The little death is a translation from the French “la petite mort”, a popular reference for a sexual orgasm. The term has been broadly expanded to include specific instances of blacking out after orgasm and other supposed spiritual releases that come with orgasm.
Speculations to its origin include current connotations of the phrase, including:
* Greco-Roman belief that the oversecretion of bodily fluids would “dry out” one of the believed four humours, leading to death
*Islam’s reference to sleep
* Buddhist Sogyal Rinpoche’s The Tibetan Book of Living and Dying’s quote: “Life is nothing but a continuing dance of birth and death, a dance of change.” (Existence through many changes, “births and deaths”)
Before my father died, he asked me to buy him this book:
It’s about horse racing. My dad never knowingly rode a horse, perhaps he did in his dreams, but he never actually got astride one and let it canter down a field or furlong. The closest he ever came to this was when he would place a bet on others, professional jockeys, racing at the various meetings around the country. Betting on horses was, for him, a release.
I have never been bitten by the betting bug. Okay, so I have but a few quid on a Grand National sweepstake but nothing else. My brother-in-law, who had lots of insider knowledge, once gave me the name of a ‘cert’ that had wonderfuly tempting odds and which would make me a fortune if I dared to back it.
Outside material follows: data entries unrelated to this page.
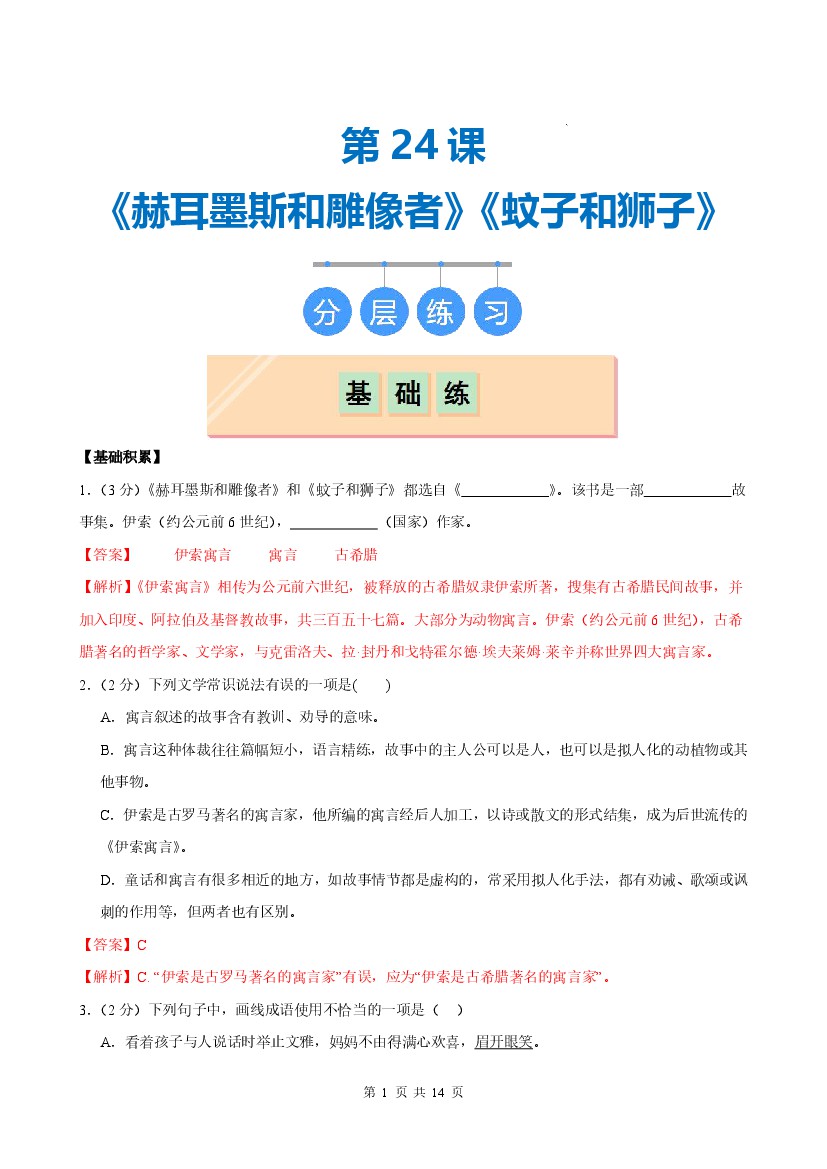 25年秋七年级上册语文同步练习第24课 《赫尔墨斯和雕像者》《蚊子和狮子》(分层作业)(解析版)
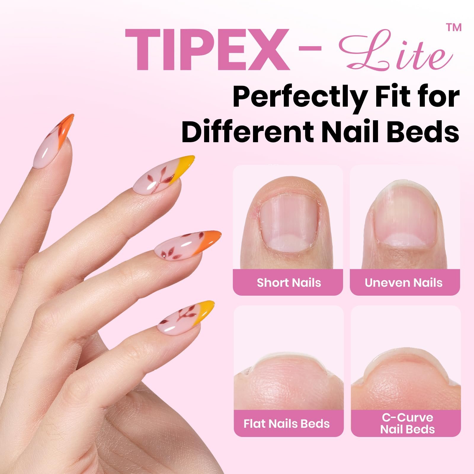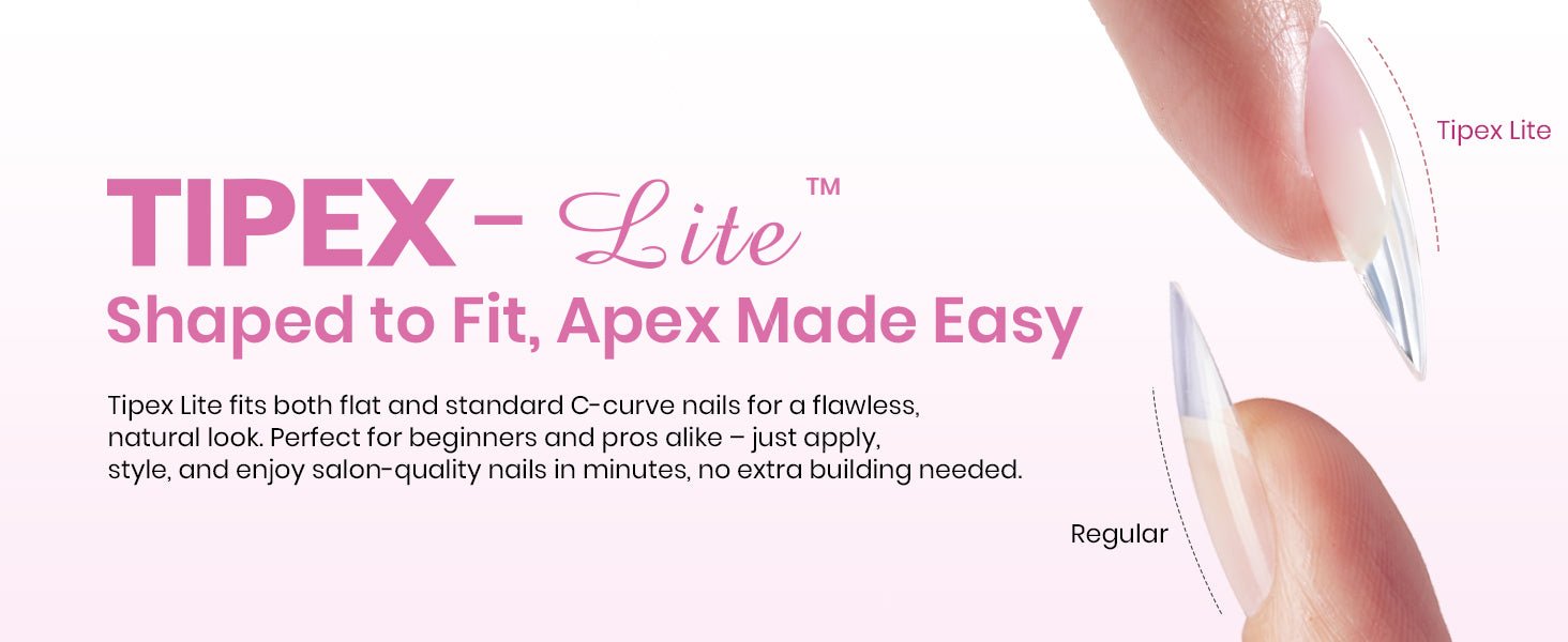 - Natural Fit & Look – Tipex Lite specially designed to match the natural curve of most nail beds (non-overcurved nails). They sit comfortably and blend seamlessly, giving you a clean and natural-looking finish.
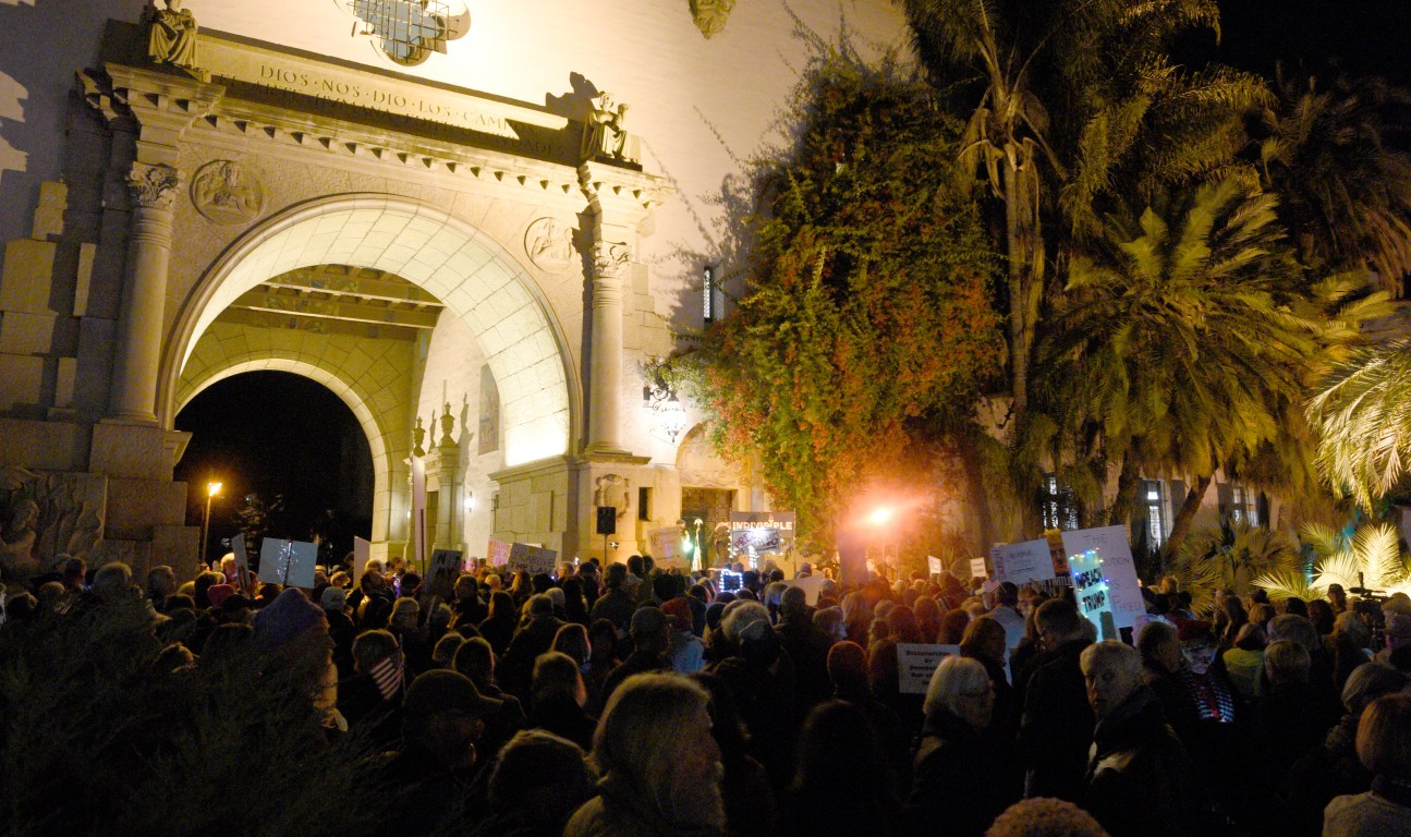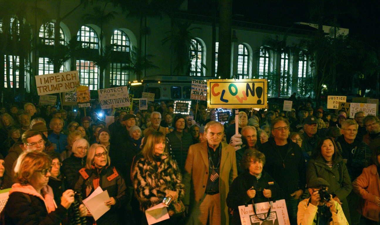 Hundreds gathered at the Santa Barbara Courthouse Tuesday night to rally for the impeachment of Donald Trump. (December 17 2019)
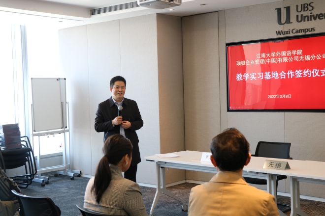 3月8日上午,william威廉中文官网与瑞银企业管理(中国)有限公司无锡分公司合作共建教学实习基地签约授牌仪式在瑞银无锡分公司恒隆总部举行。梁溪区组织部副部长王伟、william威廉中文官网经理方文开、公司调研员黄城芳、公司党委副书记刘伯贤、瑞银企业管理(中国)有限公司无锡分公司执行董事张晶等共同出席了签约仪式。
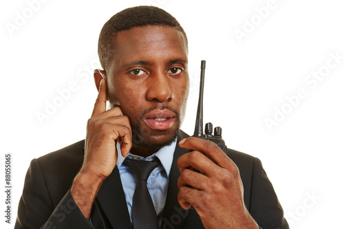 Mann vom Sicherheitsdienst mit Funkgerät
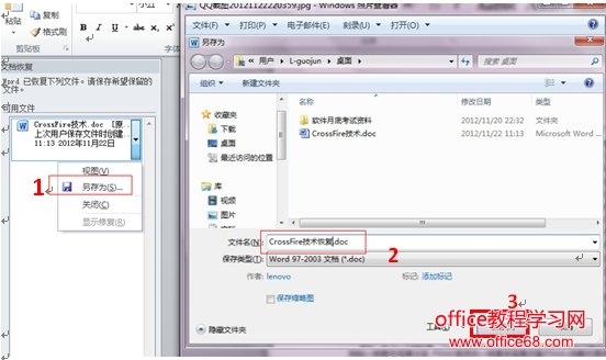1、Word 2003以上的版本都有自动记忆的功能!再次开机打开word文档是!文档会提示回复上次数据!点击确定即可。

I didn’t and it lost.
My dad would occasionally win BIG. Nothing ridiculous, just a few hundred or maybe a thousand. He wasn’t ostentacious, never bragged, showed little emotion, and definitley wasn’t vainglorious, but he did win; he knew his stuff. If anybody were to be asked, however, who the big gambler in the family was, they would probably point to me.
I was the risk-taker, I gambled on life.
Yup, you guessed it. That poor schmuck on the left is me.
Origin of schmuck
Schmuck is a Yiddish word for penis. Le petite mort is French for little death. Betting is claimed to be better than sex. the Greeks and Romans may have believed that too many orgasms dried you out. Whereas, Islam points to sleep. Bhuddists take a more balanced view that tells us that in the great scheme of things (assuming there is a scheme), it doesn’t mean a thing. Life continues ragardless of what we do.